Talking about Earth Day, Niki discussed how it had become a depoliticized holiday, devoid of any content geared towards understanding our relationship with the environment. She discussed also the conception of “nature” that inevitably appears in Earth Day Instagram posts—a pristine, uninhabited landscape just lying there for consumption. The relationship of that pristine conception of nature, the idea of nature conservation by possession, and the ongoing climate crisis was linked to the colonial mindset of land as property. Niki said that there can be no environmental politics that does not center Indigenous sovereignty. She related that to how an individualized, apolitical environmentalism refuses to engage with the militarized class-system that is the actual largest contributor to the climate crisis. She talked to us about her own experience with organizing, stressing that we had entire lineages of resistance and political struggles behind us, and that temporary setbacks were no reason to give up on the broader crusade against disaster capitalism. 
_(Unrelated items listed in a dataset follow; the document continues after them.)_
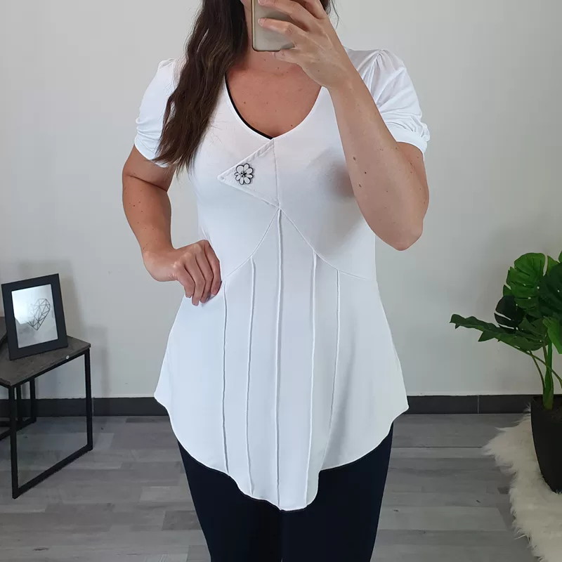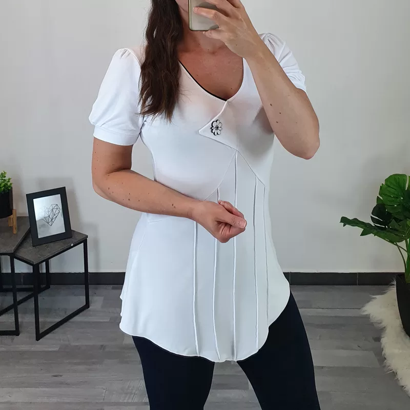 Modna asimetrična majica Nasi v beli barvi. Majica je v predelu prsi oprijeta, nato pa je krojena navzven. Na sprednji strani jo krasi gumb v beli barvi in dekorativni šivi, ki majici dajejo posebno zanimiv izgled. Rokava so rahlo nabrana in se zaključujejo z robom. Izdelana je iz kvalitetne viskoze in je prijetna za nošenje. Na voljo je od številke 38 do številke 46.
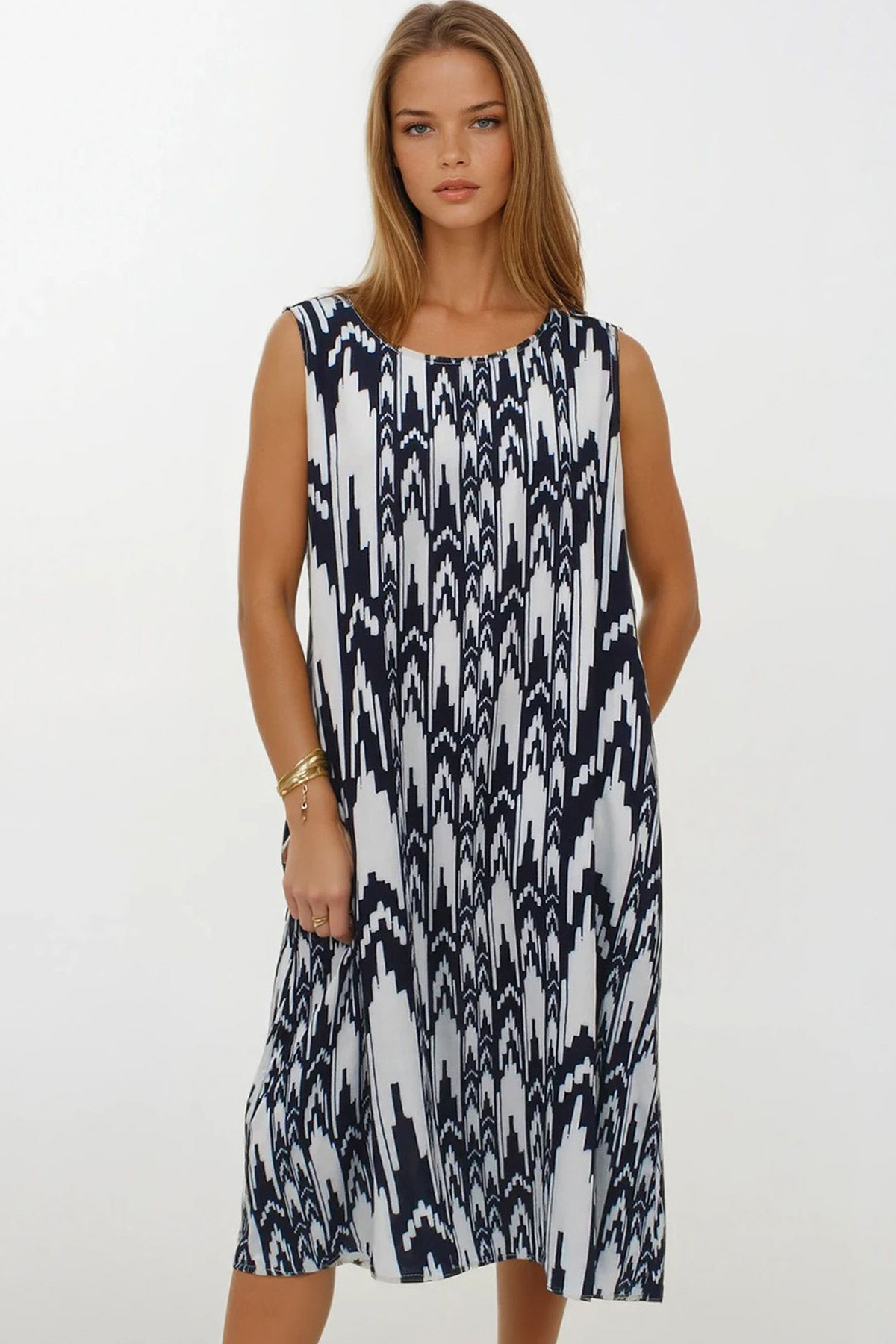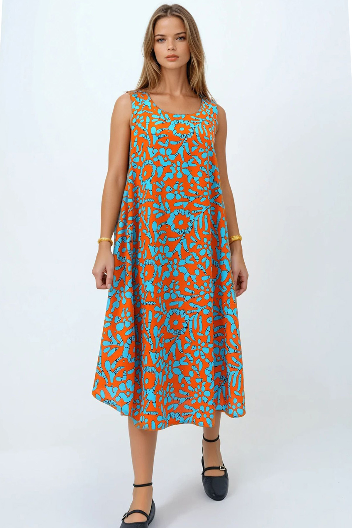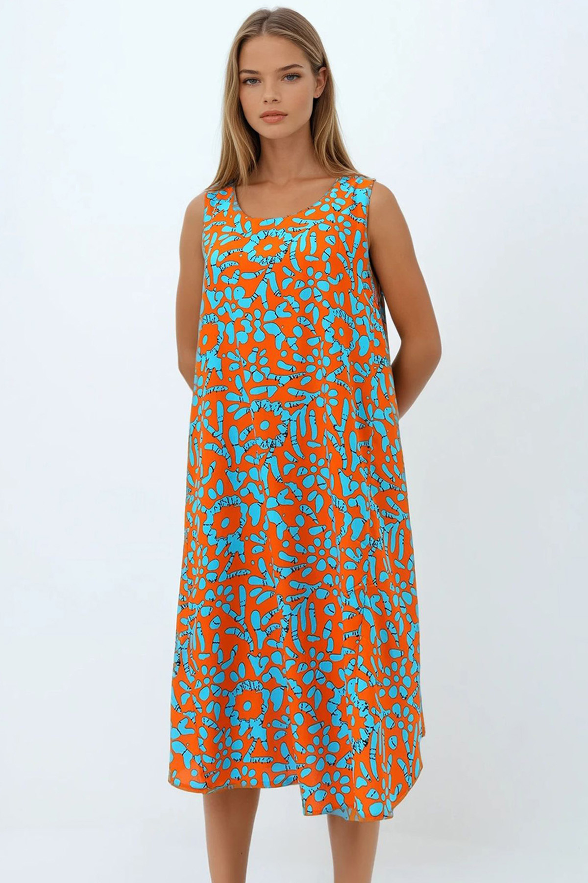 Kadın Gök Mavisi Omuzları Lastikli Kolsuz Rahat Kesim Desenli Elbise Vs00270 Kadın Gök Mavisi Omuzları Lastikli Kolsuz Rahat Kesim Desenli Elbise Vs00270 VS00270 L/XL
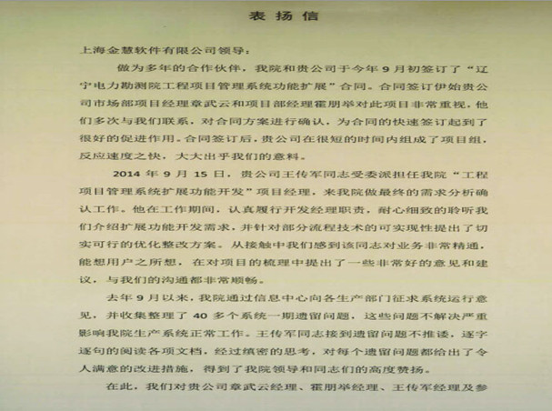 上海金慧軟件項(xiàng)目組人員在項(xiàng)目推進(jìn)過(guò)程中,積極與遼寧電力院各個(gè)應(yīng)用層面的人員進(jìn)行溝通交流,認(rèn)證履行項(xiàng)目人員職責(zé),耐心細(xì)致的聆聽(tīng)客戶擴(kuò)展功能的開(kāi)發(fā)需求,并針對(duì)部分流程技術(shù)的可實(shí)現(xiàn)性提出了切實(shí)可行的優(yōu)化整改方案,對(duì)每個(gè)遺留問(wèn)題都給出了令人滿意的改進(jìn)措施,與客戶溝通順暢得到,得到了客戶院領(lǐng)導(dǎo)的高度表?yè)P(yáng)。
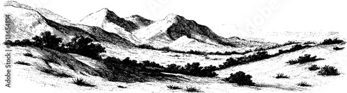 sand, dune, ridge, landscape, vegetation, engraved, illustration, mountain, nature, terrain, desert, hill, engraving, black, white, monochrome, art, drawing, classic, style, line, scenic, wilderness, shrub, arid, environment, topography, vista, natural, scene, earth, formation, tranquil, barren, contour, vignetting, design, print, contrast, texture, artistic, vintage
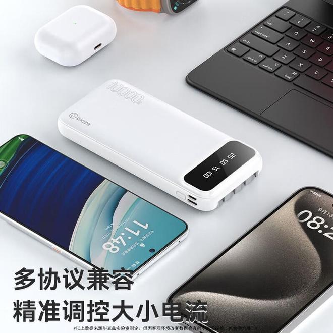 •安检无忧:3C认证电芯无需申报,过安检时不用再翻包证明容量•自愈线材:尼龙编织线次弯折,比普通线倍•智能防护:温度过高自动断电,放在羽绒服口袋里充电也不发烫•双向快充:自身充满仅需2.5小时,酒店退房前插上就能满电出发
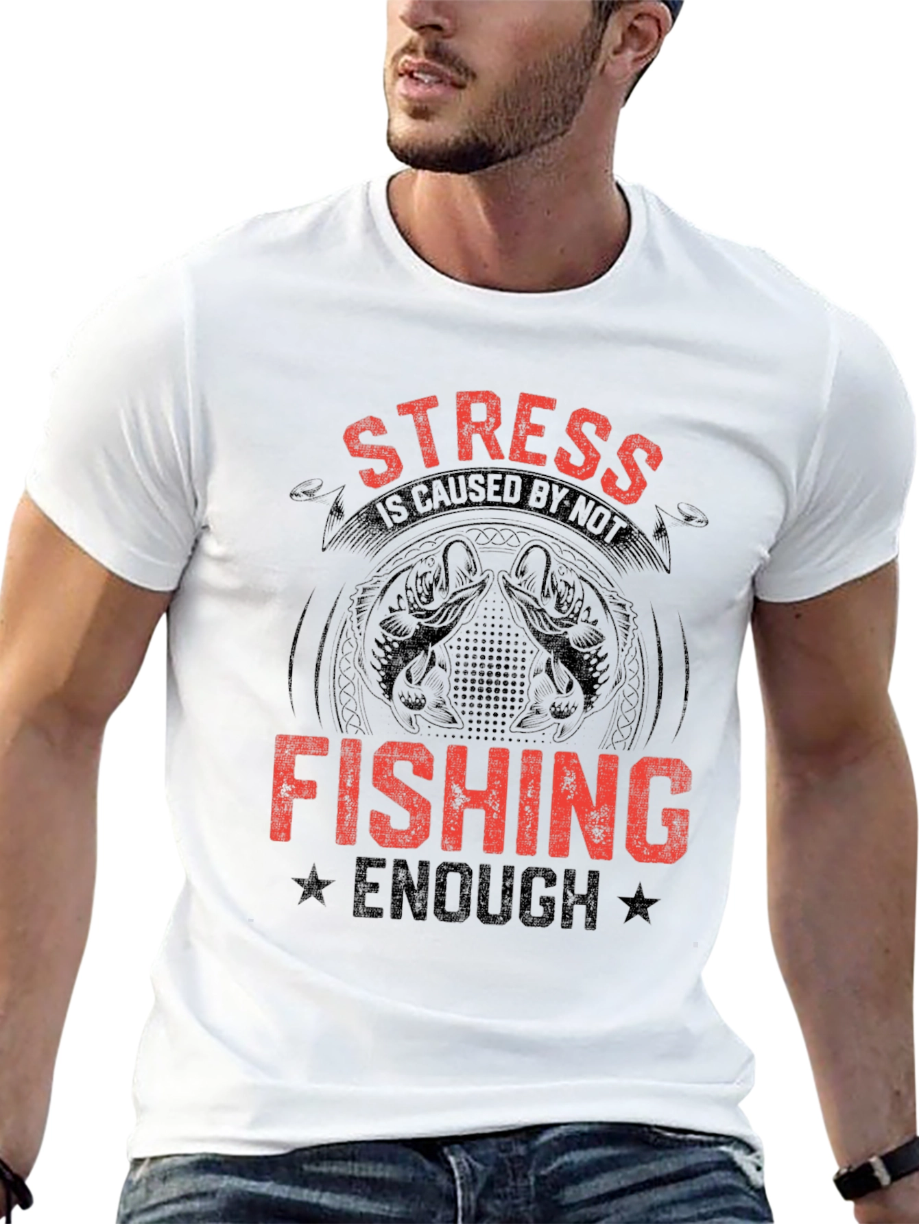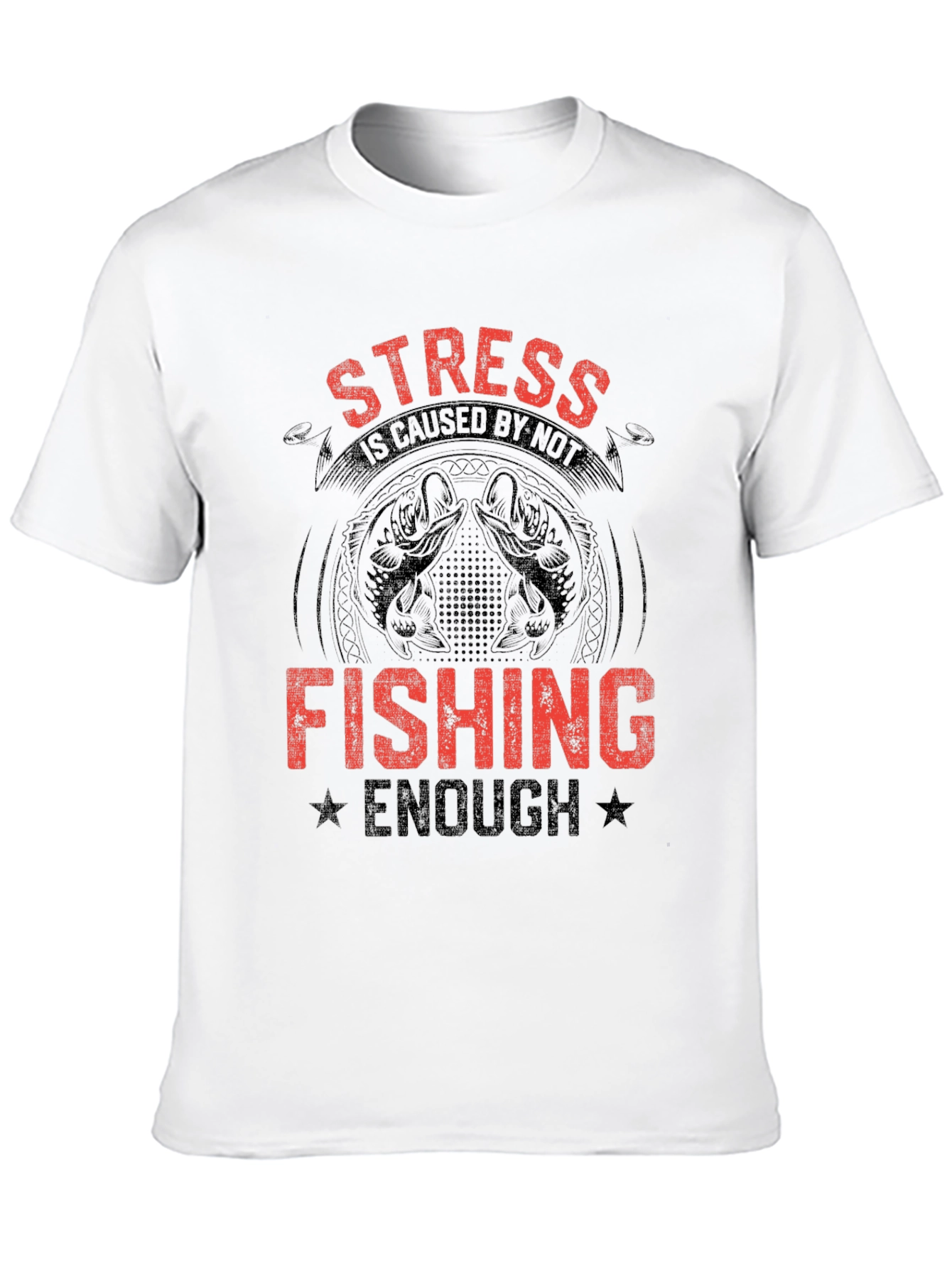 Show off your love for fishing with this stylish black graphic t-shirt. The shirt features a bold, distressed-style red print that reads, "STRESS IS CAUSED BY NOT FISHING ENOUGH". This tee is perfect for casual wear, fishing trips, or as a gift for the avid angler in your life. This classic fit tee is sure to become a wardrobe staple for any fishing enthusiast. Add a touch of fun to your everyday style while expressing your passion for the sport.

Apart from that, Niki also helped us chart out further avenues for political struggle, focusing specifically on the unique terrain college students operate on. She answered questions about ethical engagement, hopeful futures, cross-class coalition-building, ongoing struggles against austerity and privatization, and how to keep organizing after college. In her answers, she tried to bridge the gaps between Dartmouth students and Upper Valley residents, between short-term tactics and long-term strategy, between official non-profits and unofficial mutual aid funds, and between theory and practice. Niki Franco’s teach-in was illuminating not only in its theoretical explanation of “disaster capitalism” and the case-studies showcasing the connections between neoliberalism and crisis, but also in highlighting the many forms of collective struggle happening around us to protect the world from the worst of the climate crisis.